New moves on racism

The Herald, June 5, 1980

NAIROBI. – Organisation of African Unity heads of state will be urged at their 1980 summit meeting, which opens in Freetown, Sierra Leone on July 1, to convene a meeting of African jurists to establish an international tribunal to try persons alleged to have committed “the crime of apartheid”.

This was one of the major recommendations of a two-week United Nations seminar on racism and racial discrimination which ended in Nairobi last Friday.

The seminar’s resolutions, released yesterday by the United Nation’s Nairobi information office, urged all African countries, which had not done so, to ratify and implement international conventions on the elimination of all forms of racial discrimination and “the suppression and punishment of the crime of apartheid”.

They also urged all states to comply with the arms embargo on South Africa and to continue to press for mandatory sanctions against South Africa under chapter seven of the UN Charter.

Participants from about 30 African countries, also called for increased material: financial, military, and moral assistance to “the liberation movements fighting for freedom in Namibia and South Africa” and recommended that efforts be intensified for the implementation of the UN plan for Namibian independence.

The Press in African countries were accused of aiding and abetting racism by presenting stereotyped, partial, unilateral, or tendentious pictures of individuals and various human groups.

The seminar then recommended an Africa-wide roundtable conference of information and mass media delegates to discuss the role of the media in combating racism and racial discrimination.

Mr E. Mompoint, representing UN Secretary-General Kurt Waldheim, told the seminar the UN had spearheaded the fight against apartheid and he was convinced that it was only a matter of time “before the people of Namibia and South Africa will be liberated and restored to their full rights”.

Between speeches condemning apartheid, the seminar also discussed ethnic or tribal prejudices in Africa, the control of governments by oppressive dictators, unrepresentative elites, violence and violations of human rights stemming from these factors, and prejudice in various African countries against non-nationals.

On these topics, it passed resolutions commending that a study be made of tribalism in Africa and that a proposed African commission on human rights be asked to make arrangements for ending discrimination and protecting minorities.

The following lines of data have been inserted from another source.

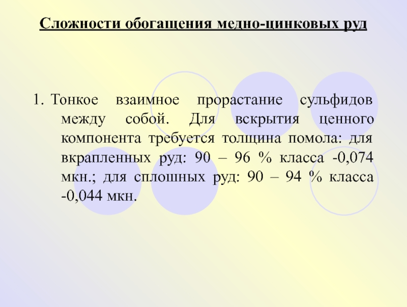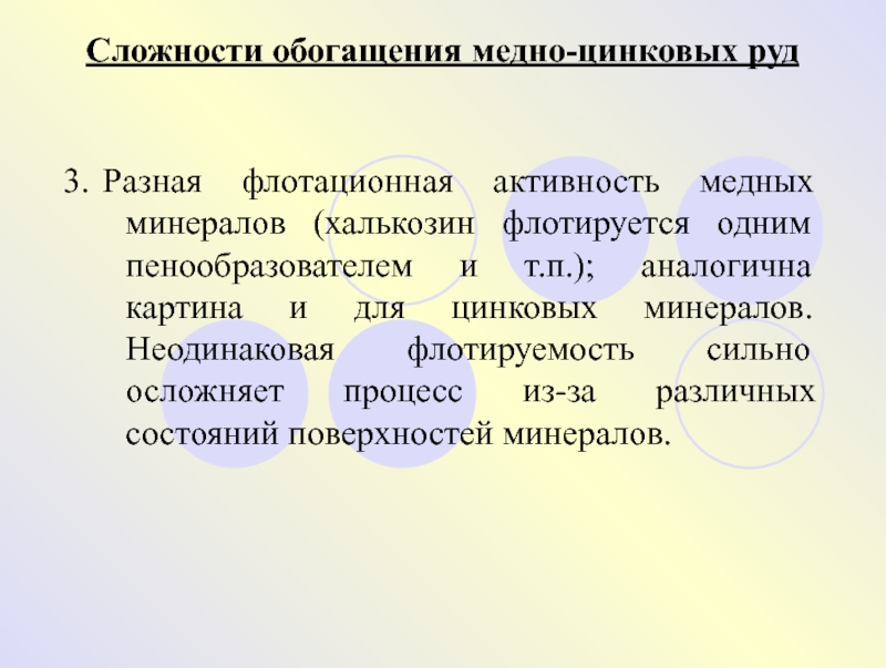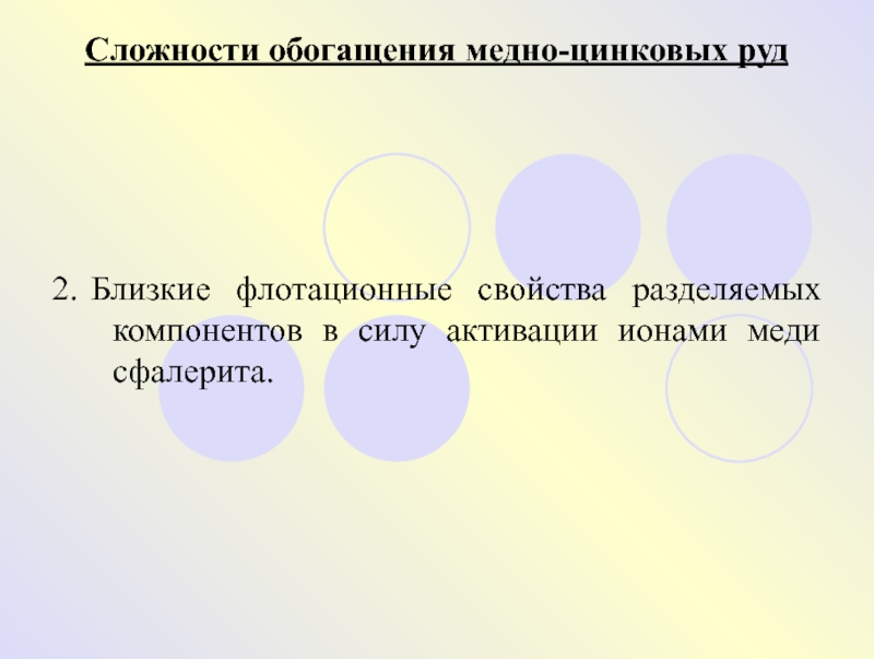 Слайд 72. Близкие флотационные свойства разделяемых компонентов в силу активации ионами меди сфалерита.
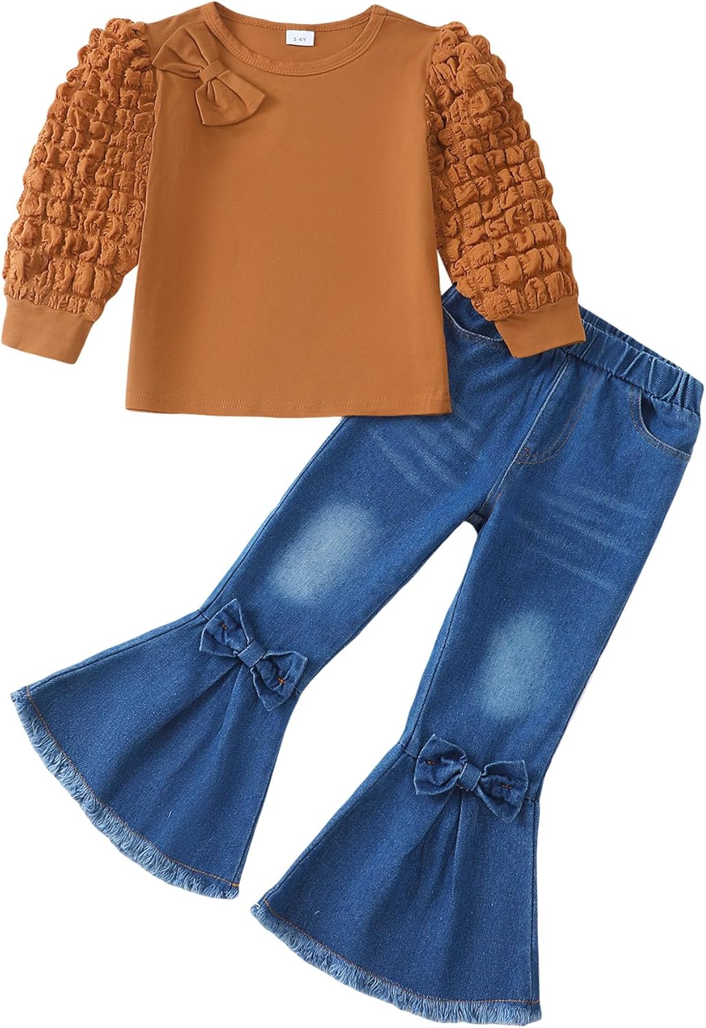 Kucnuzki Toddler Girl Clothes Cute Kids Clothes Long Sleeve Shirts Top Bell Bottom Denim Jeans Pants 2 Piece Matching Outfits
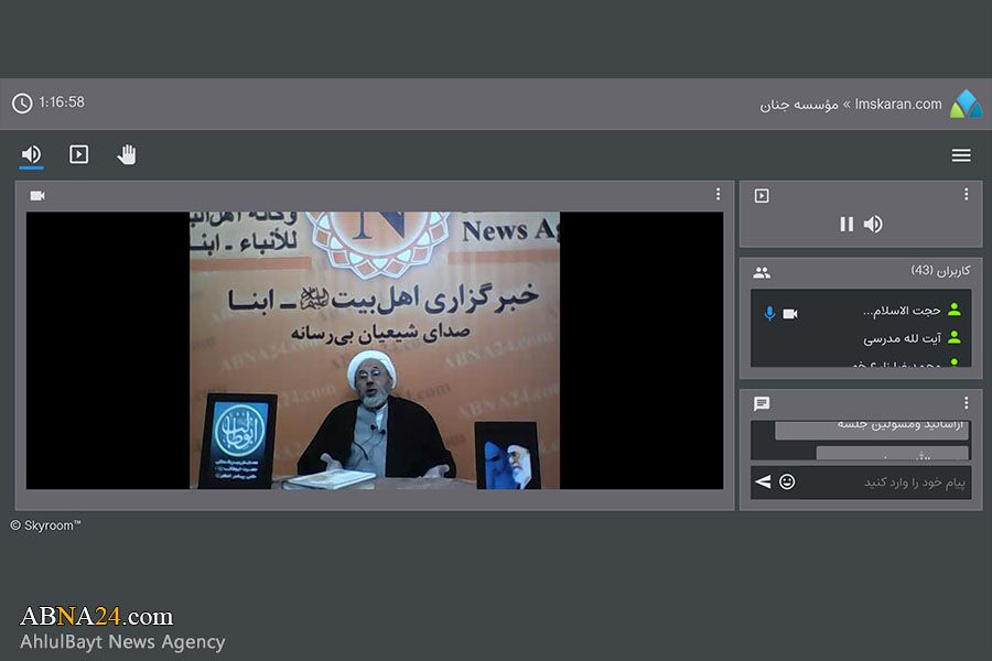 به گزارش خبرگزاری اهل بیت(ع) ـ ابنا ـ بیست و پنجمین پیش نشست علمی «همایش بین المللی حضرت ابوطالب(ع)؛ حامی پیامبر اعظم(ص)» شامگاه امروز جمعه 24 بهمن 1399 به صورت مجازی برگزار شد. در این نشست که به همت دبیرخانه همایش، میزبانی دفتر تبلیغات اسلامی استان یزد و همکاری خبرگزاری ابنا برپا گردید، جمعی از علماء و فضلای یزدی حضور داشتند. حجت الاسلام دکتر «محقق زارع خورمیزی» دبیری این نشست علمی را بر عهده داشت و حجت الاسلام والمسلمین «محمدمهدی صباحی کاشانی» رئیس مؤسسه تحقیقات و نشر حضرت ابوطالب(ع) و حجت الاسلام والمسلمین «سید محمدکاظم مدرسی» از اساتید عالی حوزه علمیه در آن به ارائه بحث پرداختند. حجت الاسلام «آرزومندی» مدیریت بیست و پنجمین پیش نشست علمی «همایش بین المللی حضرت ابوطالب(ع)؛ حامی پیامبر اعظم(ص)» را بر عهده داشت. این نشست علاوه بر محیط اسکای روم، از صفحه «مجالس مجازی اهل بیتی» در شبکه اجتماعی اینستاگرام نیز به شکل زنده پخش گردید.

  • Apartheid is racial segregation that was practiced in South Africa from 1948 to 1994. Under this system, the apartheid government of that time, which was all white, dictated that non-white South Africans (a majority of the population) were required to live in separate areas from whites and use separate public facilities, and contact between the two groups
  • The chief architect of apartheid was a South African politician, scholar of applied psychology and sociology, and chief editor of Die Transvaler newspaper, Hendrik Frensch Verwoerd
  • Although apartheid in South Africa ended with the repealing of policies that entrenched the racial system after democratic rule in 1994, scholars believe that the economic and social impacts of apartheid are still evident with the ever-widening gaps between black and white South Africans in multiple ways.